Sadly, said publisher would eventually pull out abruptly, naming no reason.


Upon cancellation, the game had 4.69 as an avg app store rating, and held generally strong player retention. The game was loved for its wholesome aesthetic, engaging quests, and approachable gameplay loop.

My Contributions

I had a broad support role during this project, starting as a programmer and then gravitating towards design.

The programming role was that of a generalist, working all over the tech-stack.

As a designer, I’ve primarily been the technical extension of the design teams, finding scope-efficient solutions by leveraging my knowledge of the tech stack. Due to the small size of the team, I’ve been working collaboratively on more or less every aspect of the game, but especially UX, gameplay, and engagement.

(Recommendations are available on request)

Homestead

Play Video

I was the technical and creative owner of the Homestead, which is the cozy home of the players and all their animal friends

Players may customize their home and interact with their closest animal friends that are roaming around, or visiting players.

Design Intention

  • Player expression from craftable cosmetics
    • A retention driver
  • A convenient way to interact with all animal friends 
    • Increases a progression vector, animal friendship
    • another retention driver
  • A place to roleplay with other players.
  • Extendable hub-level

Risks

  • Loosely connected to rest of the game
    • Unreliable retentiondriver
  • Big scope for MVP

I researched games with similar features such as The Sims, Animal Crossing, and Disney Magic Kingdom, and weighed their scope and transferability to our game. For our target audience, I prioritized simple, low-friction features over flexibility.

As updates went live, we would observe player behaviour in recordings, stats, and playtests, which I would use to find pain points and room for improvement. I would also consult my team, so as to ensure alignment on priorities.

Decorations

Decorations are a form of reward for exploring, finding materials and recipes. 

 

Animal Friendship

 
Animal friendship progression is a system which rewards the player with progress towards other progression vectors. 
(Our battle pass was actually called an adventure pass)

As Homestead matured, our data showed  player engagement with homestead and animal friendship didn’t increase despite increase of homestead cosmetics. 

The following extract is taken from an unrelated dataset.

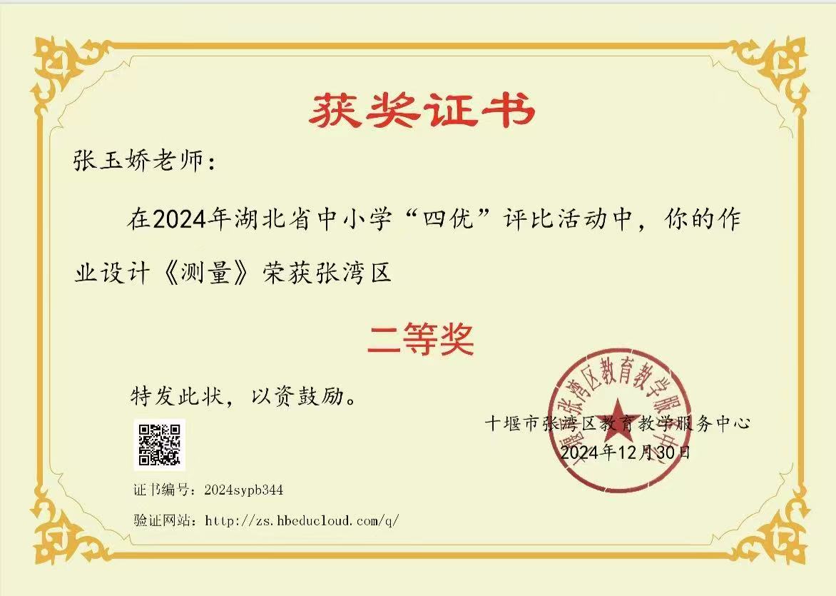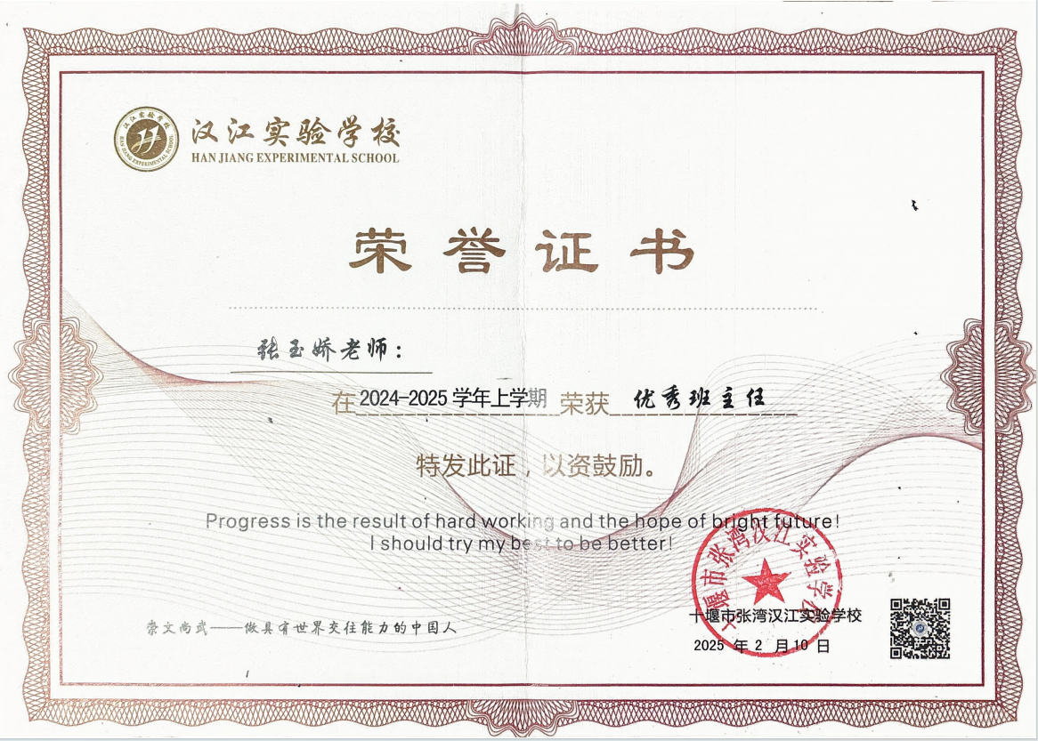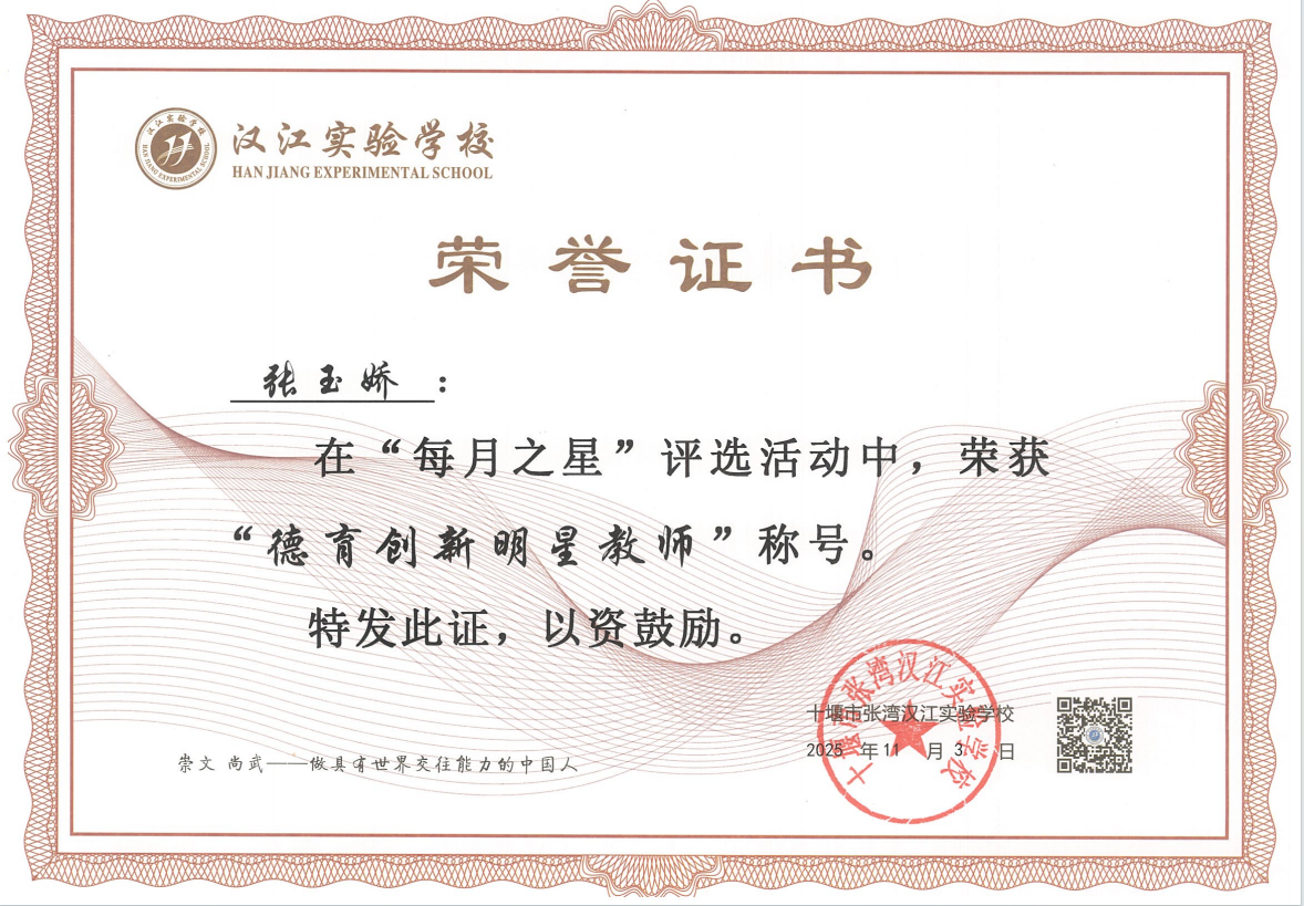 张玉娇,汉江实验学校四年级数学教师、数学备课组长、年级主任。身兼数职,却事事精进、面面出彩。她深耕课堂,善用巧思化抽象为具象。用耐心守护成长、用关爱温暖心灵,所带班级成绩优异,多次荣获“优秀班集体”“优秀班主任”称号。她是学生眼中的良师、同事心中的标杆,更是教育路上坚定追光者!

I prototyped and designed the original tea-party table, which would allow players to put food on specific tables, to be enjoyed with animal or human friends. eating with animal friends would increase animal friendship.

Design Intention

  • Add Homestead player activities
    • Improve engagement
  • Add monetization drivers
    • The table and the cakes

Cross-platform support

Part 1: signifiers

One of my biggest challenges was retroactively changing the games interaction design for cross-platform, which i did together with a dedicated senior UX consultant. I was the technical owner and assisted in the design process.

Our goal was to add an agnostic system for selecting targets as well as affording interaction, as we could no longer expect the player to tap targets.

This task had many factors that would compound to a bigger challenge.

I will try to describe these factors and our responses to them

Problem: Coupling many disconnected features in code is complex

Solution: List all interactables and edge cases
I would make an excel sheet with all interactable types and estimate the scope and risk, based on their signifier types, signifier determinants, and whether they’d require a tool to setup.

Problem: Fundamental and playerfacing overhaul with many unknowns

Solution: Focus the biggest unknowns, prototype modularly to reduce risk.
During the research phase, we’d figure out the biggest unknowns and focus on those during prototyping. While implementing I would use a modular approach to enable quick pivots when needed. 

Problem: Scope is too big for this timeframe

Solution:  Compromise

Having worked and learned from the game’s UX both as a designer and implementor, I’d bring up the scope-efficiency of every solution during discussions.

I delegated implementation of Input support to a programmer, as this would have less unknowns and playerfacing problemsolving, and more technical implementations. 

My role instead was to improve alignment between the implementor and UX designers due to my knowledge of the game, it’s UX and tech as well as PC / console game design. 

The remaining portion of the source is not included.